▸ THE INPUT:
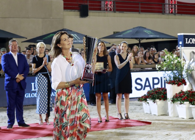 Ksiezniczka Karolina z corka Charlotte podczas gali Jumping International de Monaco
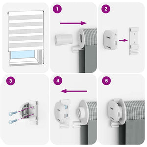 - Två monteringssätt: Du kan fästa zebrarullgardinen på väggen eller fönstret med skruvar eller utan att borra med hjälp av klämfästen, beroende på dina behov.
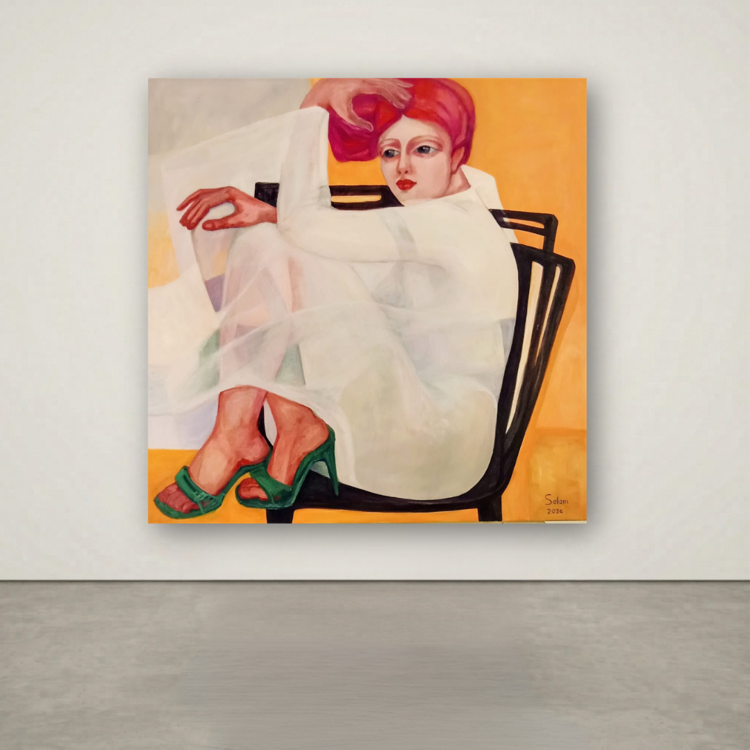 Salam Ahmad, trained in Fine Arts in Syria, works through painting as an intimate, emotional language. Her compositions emerge from quiet inner spaces, where feelings take form before they are spoken. The body dissolves into sensation, and color, especially grey, becomes a field of reflection, suspended between presence and absence, fullness and emptiness.
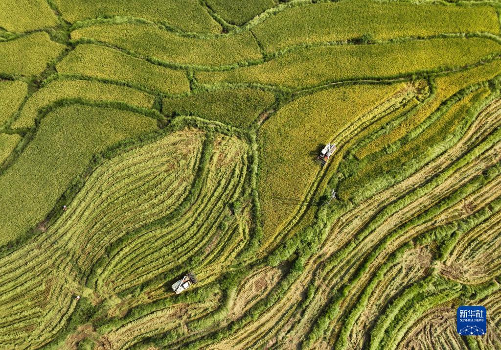 近日,四川東部廣安市近200萬畝水稻進入成熟收穫期,農民在田間忙碌,收穫水稻。
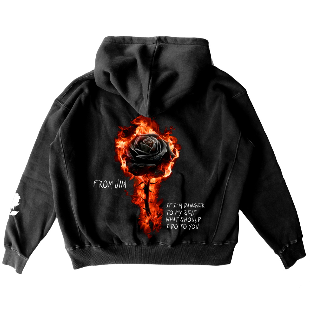 FROM UNA Hoodie Boxy 330 Gsm Reflektif Nyala - Black Rose Oversized Hoodie Black
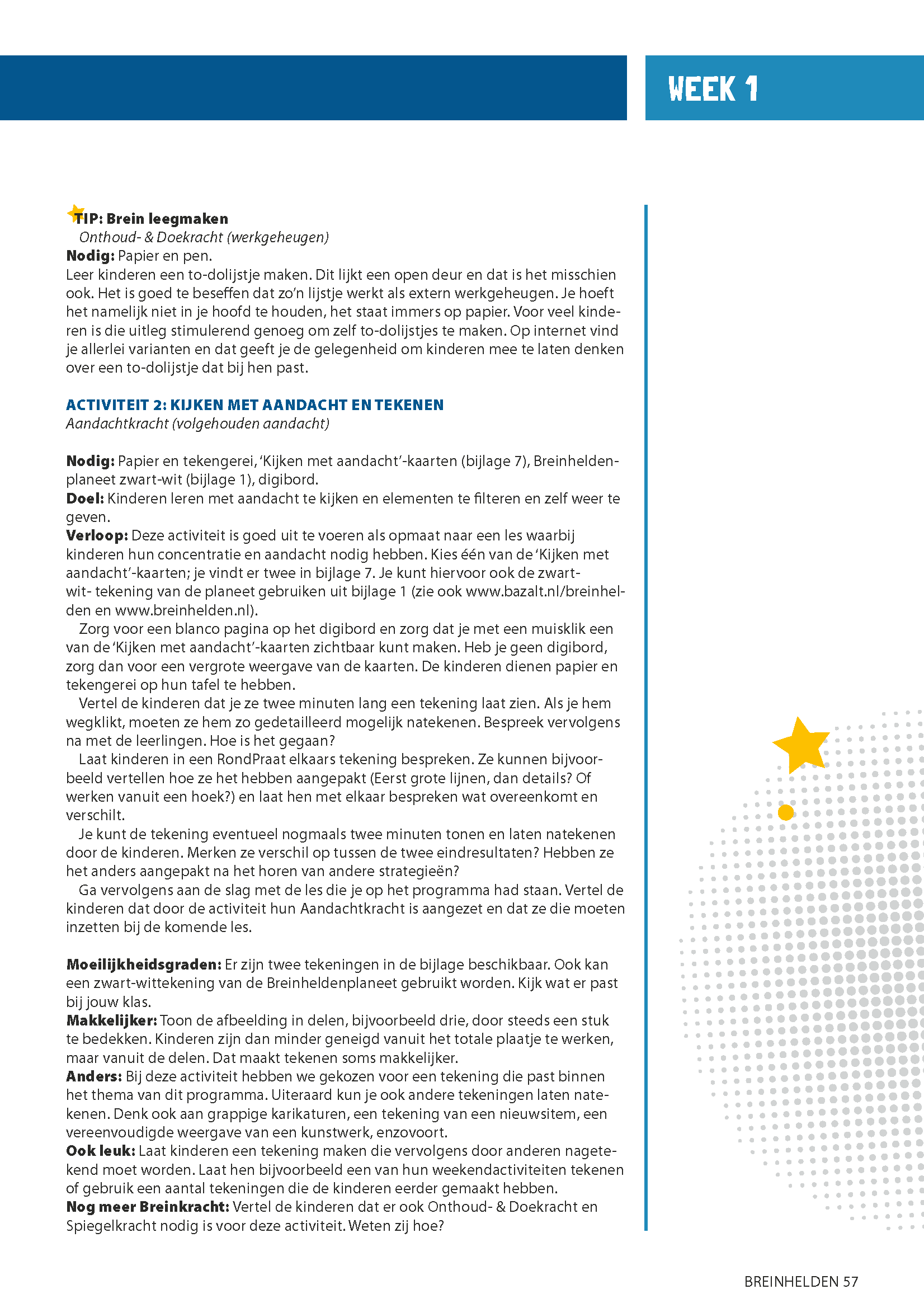 “Door de kindvriendelijke vertaling van executieve functies naar Breinkrachten, krijg je handvatten om deze functies bespreekbaar te maken met kinderen. Mijn leerlingen waren erg betrokken doordat het programma aansluit op hun bele-vingswereld en ze kregen steeds meer inzicht in hun eigen ontwikkeling. De bewustwording van de executieve functies en het (verder) ontwikkelen van executieve vaardigheden zijn ook een goede voorbereiding op het voortgezet onderwijs.”
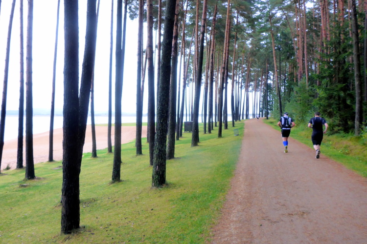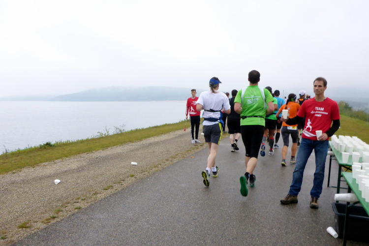Nach der nächsten Verpflegungsstelle bei Kilometer 9 überqueren wir einen weiteren Damm. Dieser ist die Grenze zwischen dem Igelsbachsee und dem Großen Brombachsee. Ein paar Fischer sind auf dem Wasser  in ihren Booten zu erkennen. Sie fischen heute im wahrsten Sinne des Wortes im Trüben. Auch das Ende des Igelsbachsees verschwindet am grauen Horizont. Wir laufen wieder kurz am Ufer des Brombachsees, schon kommt der nächste Damm. Rechts von uns liegt nun der Kleine Brombachsee. Nach dem Ende des Dammes geht es  auf eine Pendelstrecke. Etwa einen Kilometer laufen wir am Ufer des Kleinen Brombachsee entlang, bevor wir wenden. Das ist wie immer recht kurzweilig, da wir so auch den etwas schnelleren Läufern wieder begegnen. Charly und Jan kommen mir kurz nacheinander entgegen und es wird abgeklatscht. Links von uns wird der Wald mit einem hohen Zaun und Stacheldraht abgegrenzt. Dahinter liegt Militärgelände, wie Hinweisschilder verraten. Militärische Aktivitäten kann ich dort jedoch nicht feststellen. Lediglich ein paar Wildschweine suhlen dort im Matsch und lassen sich durch uns Läufer kaum stören.
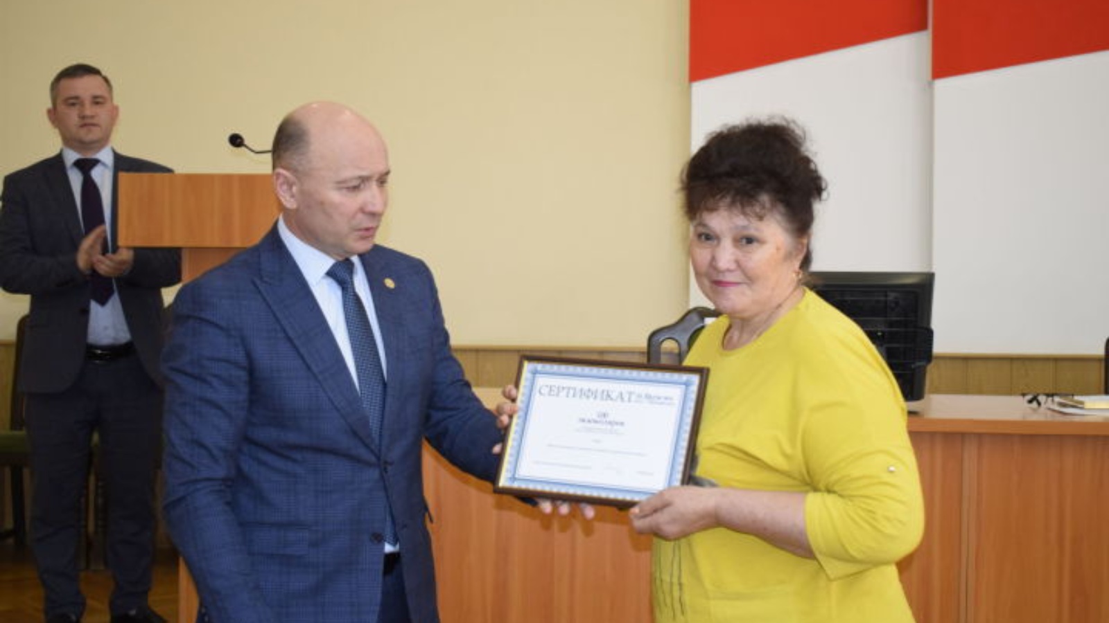 Район хакимияте утырышлар залында район башлыгы Фаил Камаев районның ветераннар советы һәм инвалидлар җәмгыяте рәисе Фәйрүзә Вәҗиевага «Якты юл» («Светлый путь») газетасына 100 кешене яздыру өчен сертификат тапшырды.
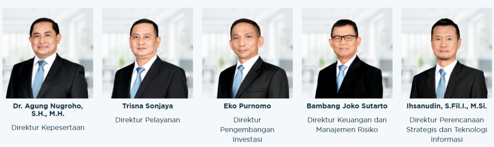 Posisi Direktur Perencanaan BPJS Ketenagakerjaan dijabat oleh Trisna Sonjaya, Direktur Pengembangan Investasi BPJS Ketenagakerjaan oleh Eko Purnomo, Direktur Keuangan dan Manajemen Risiko oleh Bambang Joko Sutarto, Direktur Perencanaan Strategis dan Teknologi Informasi dijabat oleh Ihsanudin, dan Direktur Human Capital & Umum BPJS Ketanagkerjaan dijabat Harjono Siswanto.
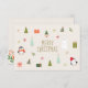 Fun christmas card with symbols of the holidays such as christmas trees , penguins, presents and holly.

▸ WHAT THE TASK REQUIRES:
Each line from the one containing "Posisi Direktur Perencanaan" down to the final line of the records above must be reproduced exactly; no pictures go into the copy.

▸ ANSWER BOX:
 Posisi Direktur Perencanaan BPJS Ketenagakerjaan dijabat oleh Trisna Sonjaya, Direktur Pengembangan Investasi BPJS Ketenagakerjaan oleh Eko Purnomo, Direktur Keuangan dan Manajemen Risiko oleh Bambang Joko Sutarto, Direktur Perencanaan Strategis dan Teknologi Informasi dijabat oleh Ihsanudin, dan Direktur Human Capital & Umum BPJS Ketanagkerjaan dijabat Harjono Siswanto.
 Fun christmas card with symbols of the holidays such as christmas trees , penguins, presents and holly.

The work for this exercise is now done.